“The thing must be done this wise,” said Lord Culduff. “It must be a 'private and confidential' to the office, and a 'sly and ambiguous' to the public prints. I 'll charge myself with the former; the latter shall be your care, Temple. You are intimate with Flosser, the correspondent of the 'Bell-Weather.' Have him to dinner and be indiscreet. This old Madeira here will explain any amount of expansiveness. Get him to talk of this escape, and let out the secret that it was we who managed it all. Mind, however, that you swear him not to reveal anything. It would be your ruin, you must say, if the affair got wind; but the fact was Lord Culduff saw the Neapolitans were determined not to surrender him, and knowing what an insult it would be to the public feeling of England that an Englishman was held as a prisoner at the galleys, for an act of heroism and gallantry, the only course was to liberate him at any cost and in any way. Flosser will swear secrecy, but hints at this solution as the on dit in certain keen coteries. Such a mode of treating the matter carries more real weight than a sworn affidavit. Men like the problem that they fancy they have unravelled by their own acuteness. And then it muzzles discussion in the House, since even the most blatant Radical sees that it cannot be debated openly; for all Englishmen, as a rule, love compensation, and we can only claim indemnification here on the assumption that we were no parties to the escape. Do you follow me, Temple?”

“I believe I do. I see the drift of it at last.”

“There's no drift, sir. It is a full, palpable, well-delivered blow. We saved Rogers; but we refuse to explain how.”

“And if he turns up one of these days, and refuses to confirm us?”
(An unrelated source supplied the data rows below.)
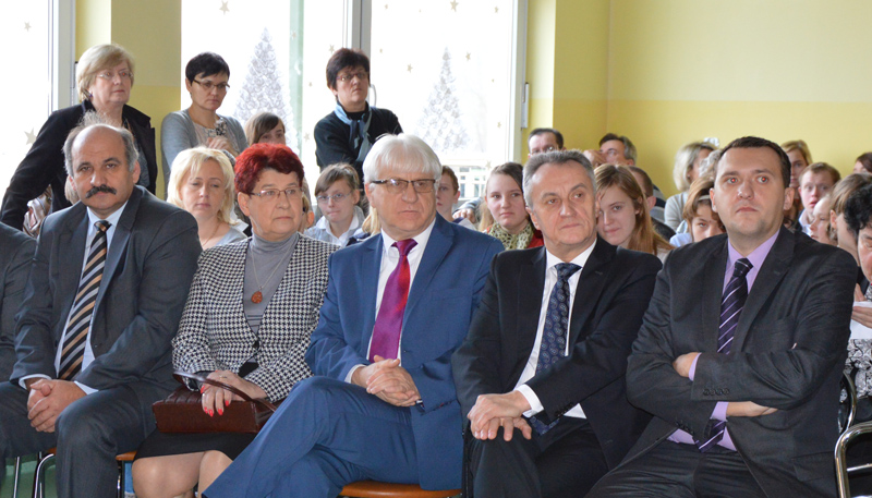 Po części artystycznej nadszedł czas życzeń. Rozpoczął ksiądz proboszcz, wygłaszając Słowo Boże. W imieniu Rady Powiatu życzenia wszelkiej pomyślności, zdrowia i spokoju złożyła Jolanta Popiołek, wiceprzewodnicząca Rady. Wicestarosta Janusz Ciura przekazał życzenia świąteczno-noworoczne od starosty sochaczewskiego Tadeusza Korysia i Zarządu Powiatu. Podkreślił przy tym pełną poświęcenia i trudu pracę nauczycieli, ale też uczniów, życząc im udanego wypoczynku w czasie ferii. Życzenia złożyli również między innymi wójtowie gmin: Rybna – Grzegorz Kropiak, Nowej Suchej – Maciej Mońka oraz Młodzieszyna – Joanna Szymańska. Dyrektor Domu Pomocy Społecznej Justyna Nowak-Sobotta przy okazji życzeń podziękowała szkole za owocną, aktywną współpracę. W spotkaniu udział wzięli także dyrektor Wydziału Promocji, Kultury, Sportu i Turystyki Marcin Podsędek, dyrektor Powiatowego Zespołu Edukacyjnego Bogusław Bęzel, kierownik Warsztatu Terapii Zajęciowej Magdalena Osińska, przedstawiciele miasta.
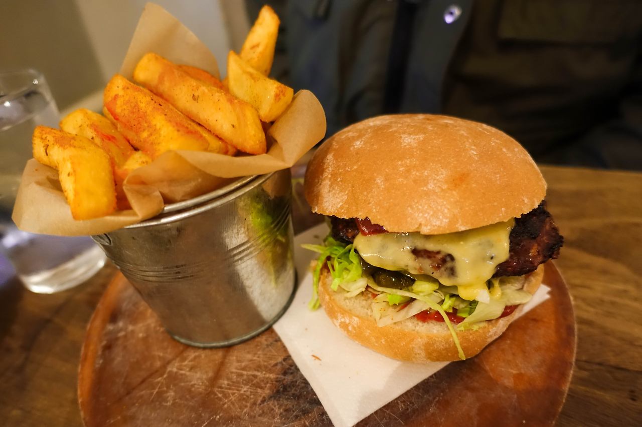 해서 도착했는데 쓰리심 파는 데가 없다. 애플 매장에 물어봤는데 친절하게 설명해줬다. 설명해준 대로 갔는데 안 보인다. 이런. 코벤트 마켓에서 먹으려다 마땅한 데가 안 보여서 오던 길에 괜찮은 펍으로 간다. 버거와 피시 앤 칩스 먹기로.
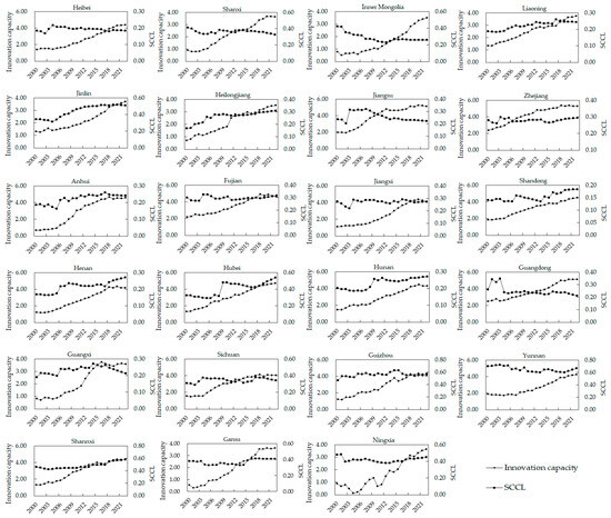 Second, regarding the co-evolution of the SCCL and IC in most provinces, such as Liaoning, Jilin, Hei longjiang, Anhui, Hunan, Sichuan, Guizhou, Shaanxi, Shandong, and Guangxi, they show a co-evolutionary trend. In a few provinces, such as Hebei, Inner Mongolia, Jiangsu, and Guangdong, the SCCL and IC move in opposite directions. In some provinces, there is a complex relationship between the SCCL and IC, with both co-evolutionary and counter-evolutionary trends. For example, in Shanxi Province, the two indicators showed a co-evolutionary trend from 2000 to 2014, but a counter-evolutionary trend after 2014. In Zhejiang Province, there was a certain counter-evolutionary trend before 2015, but a co-evolutionary trend after 2015. In Gansu Province, there was a counter-evolutionary trend before 2015, but a co-evolutionary trend after 2015. In Yunnan Province, the two indicators showed a co-evolutionary trend from 2000 to 2006 and from 2018 to 2022.
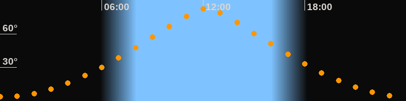 | Höchster Stand (Kulmination) | 12:10 Uhr (h = 82,4°) |
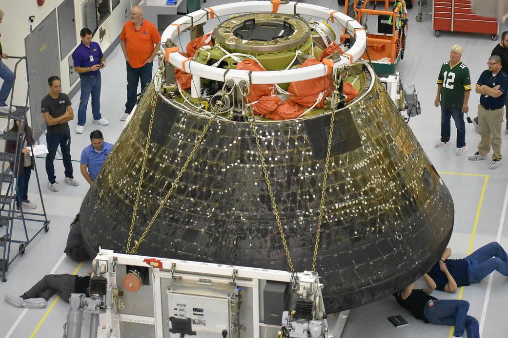 Но ещё пару фоток не могу не показать. Вот здесь американцы готовят тот самый корабль без экипажа к полёту. Точнее, проверяют плитки, которые предохраняют его корпус во время приземления от высоких температур:
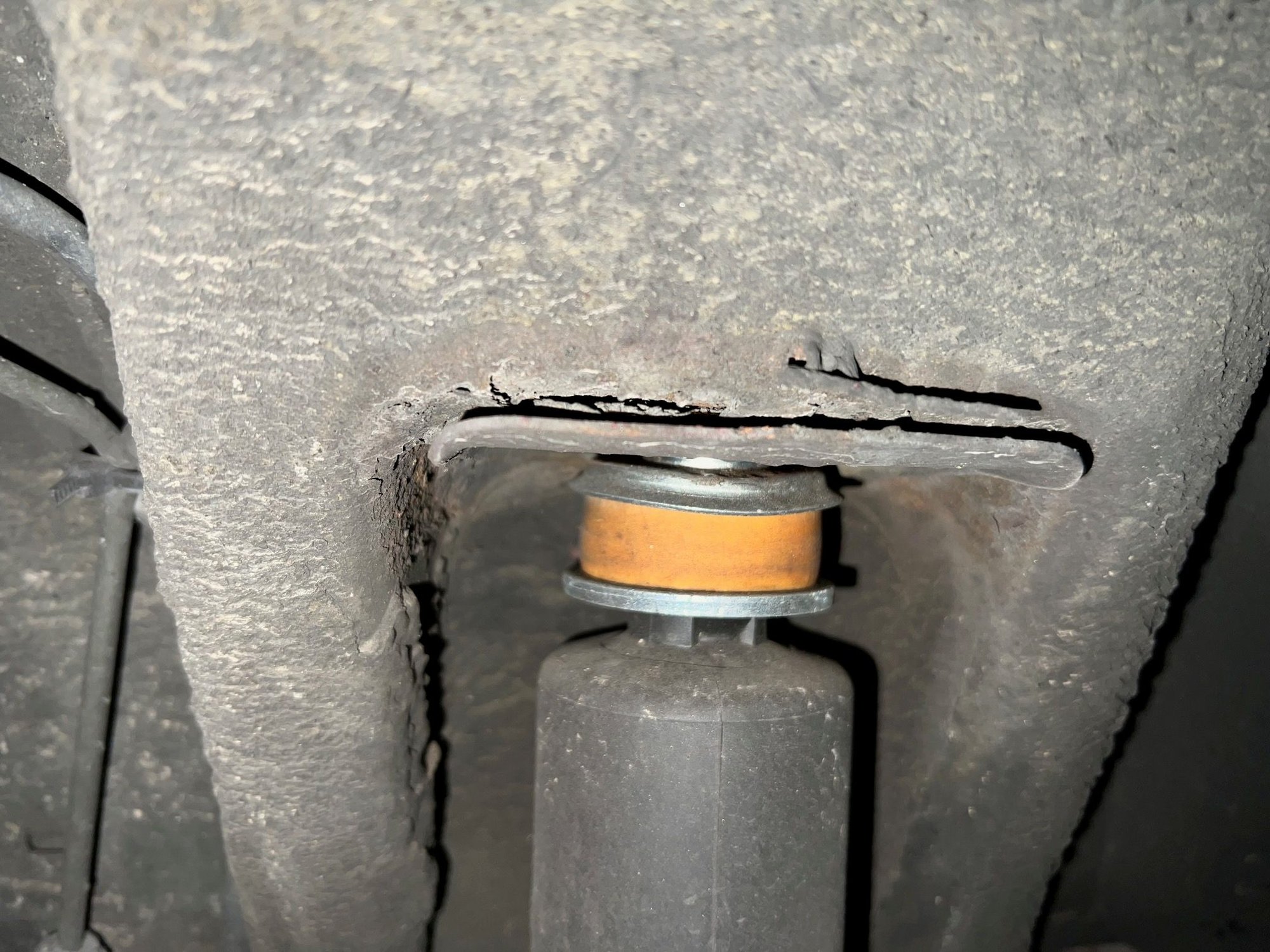 In fact, I hate to say, but the top mount looks like it has rusted away a bit and the whole shock can move up and down…
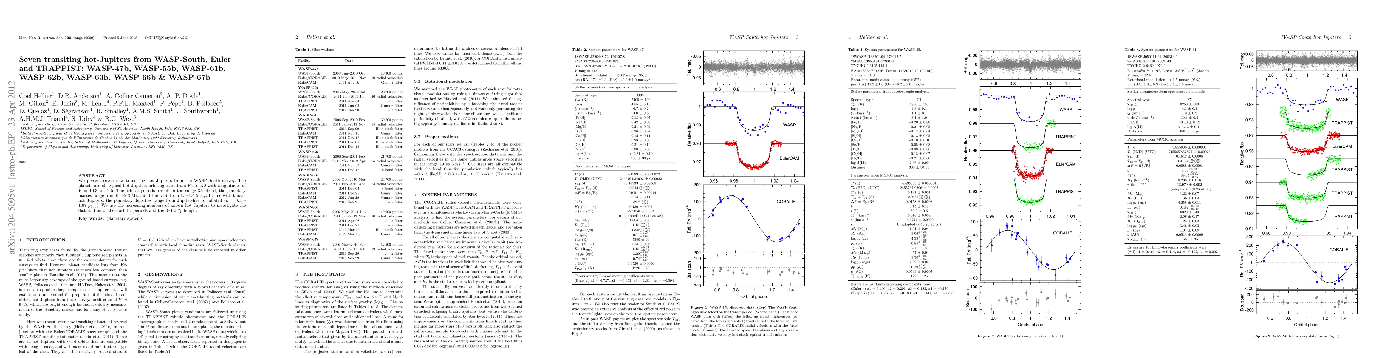 We present seven new transiting hot Jupiters from the WASP-South survey. The planets are all typical hot Jupiters orbiting stars from F4 to K0 with magnitudes of V = 10.3 to 12.5. The orbital periods are all in the range 3.9--4.6 d, the planetary masses range from 0.4--2.3 Mjup and the radii from 1.1--1.4 Mjup. In line with known hot Jupiters, the planetary densities range from Jupiter-like to inflated (rho = 0.13--1.07 rho_jup). We use the increasing numbers of known hot Jupiters to investigate the distribution of their orbital periods and the 3--4-d "pile-up".
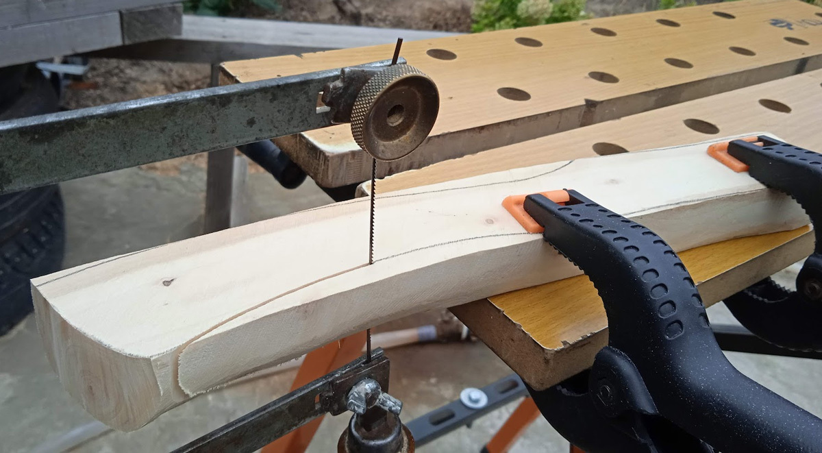 Ну а дальше начинается долгий и нудный процесс выпиливания при помощи старого доброго лобзика. Удовольствие, скажу вам, такое себе: оба вида этой древесины пилятся очень тяжело, будто не дерево пилишь, а камень. Толщина брусков при этом около 3 см.
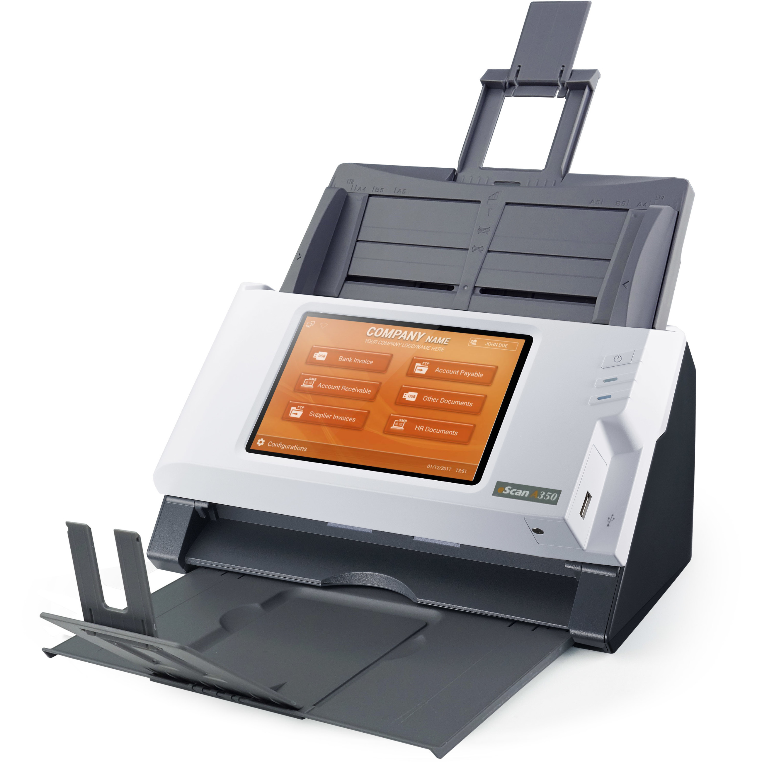 Scan to: E-Mail, FTP, SMB, USB

“Then we denounce him as an impostor; but always, mark you, in the same shadowy way that we allude to our share in his evasion. It must be a sketch in water-colors throughout, Temple,—very faint and very transparent. When I have rough-drafted my despatch you shall see it. Once the original melody is before you, you will see there is nothing to do but invent the variations.”

“My Lady wishes to know, my Lord, if your Lordship will step upstairs to speak to her?” said a servant at this conjuncture.

“Go up, Temple, and see what it is,” whispered Lord Culduff. “If it be about that box at the St. Carlos, you can say our stay here is now most uncertain. If it be a budget question, she must wait till quarter-day.” He smiled maliciously as he spoke, and waved his hand to dismiss him. Within a minute—it seemed scarcely half that time—Lady Culduff entered the room, with an open letter in her hand; her color was high, and her eyes flashing, as she said:—

“Make your mind at ease, my Lord. It is no question of an opera-box, or a milliner's bill, but it is a matter of much importance that I desire, to speak about. Will you do me the favor to read that, and say what answer I shall return to it?”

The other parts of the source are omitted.